+++ Supplied data +++
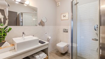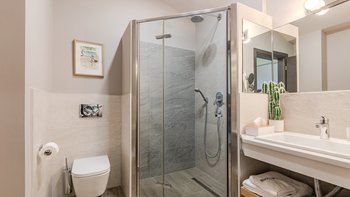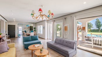 Die gewölbte überdachte Terrasse führt zum geräumigen Wohnbereich der Villa, der den größten Teil des Erdgeschosses einnimmt. Es gibt einen modernen, wenn auch skurrilen Stil – schöne Farbelemente erwecken den Wohnbereich zum Leben, und es gibt viele bequeme Sitzgelegenheiten für gemütliche Nächte in der Villa. Der Sitzbereich führt zum Esstisch im Innenbereich, sodass Sie wählen können, ob Sie drinnen essen oder auf den angrenzenden Terrassentisch gehen möchten. Direkt am Ende der Etage befindet sich die moderne Küche. Es gibt eine Frühstücksbar und alle modernen Kücheneinrichtungen, die diesen Aufenthalt zu einem sehr komfortablen Aufenthalt machen. Im zweistöckigen Design der Villa befinden sich vier geräumige Schlafzimmer – eines mit Doppelbett im Erdgeschoss und weitere drei im ersten Stock. Während alle Zimmer einen anderen Stil haben, verfügt jedes über ein großzügiges, modernes Bad und ein unglaublich bequemes Doppelbett. Denen Zimmer im ersten Stock haben auch den Luxus, auf eine große private Terrasse mit fantastischem Blick auf die Bucht zu führen.
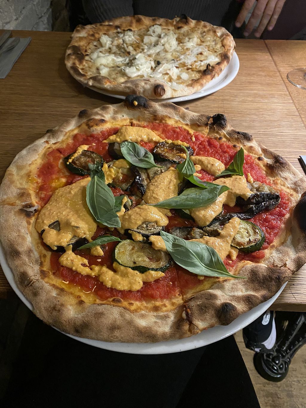 Vegan pizza with basil, aubergine and various veggies
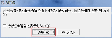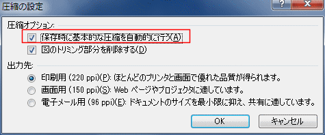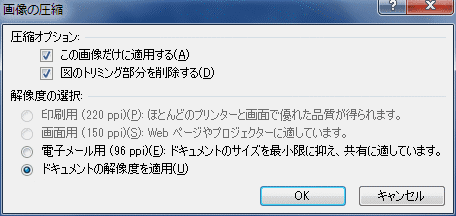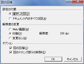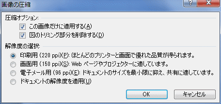 - 「図の圧縮」ダイアログで設定を確認して[OK]ボタンをクリックします。
+++
◆ **Exercise goal**
Would you copy out the data exactly, leaving every picture out?

◆ **Written response**
 Die gewölbte überdachte Terrasse führt zum geräumigen Wohnbereich der Villa, der den größten Teil des Erdgeschosses einnimmt. Es gibt einen modernen, wenn auch skurrilen Stil – schöne Farbelemente erwecken den Wohnbereich zum Leben, und es gibt viele bequeme Sitzgelegenheiten für gemütliche Nächte in der Villa. Der Sitzbereich führt zum Esstisch im Innenbereich, sodass Sie wählen können, ob Sie drinnen essen oder auf den angrenzenden Terrassentisch gehen möchten. Direkt am Ende der Etage befindet sich die moderne Küche. Es gibt eine Frühstücksbar und alle modernen Kücheneinrichtungen, die diesen Aufenthalt zu einem sehr komfortablen Aufenthalt machen. Im zweistöckigen Design der Villa befinden sich vier geräumige Schlafzimmer – eines mit Doppelbett im Erdgeschoss und weitere drei im ersten Stock. Während alle Zimmer einen anderen Stil haben, verfügt jedes über ein großzügiges, modernes Bad und ein unglaublich bequemes Doppelbett. Denen Zimmer im ersten Stock haben auch den Luxus, auf eine große private Terrasse mit fantastischem Blick auf die Bucht zu führen.
 Vegan pizza with basil, aubergine and various veggies
 - 「図の圧縮」ダイアログで設定を確認して[OK]ボタンをクリックします。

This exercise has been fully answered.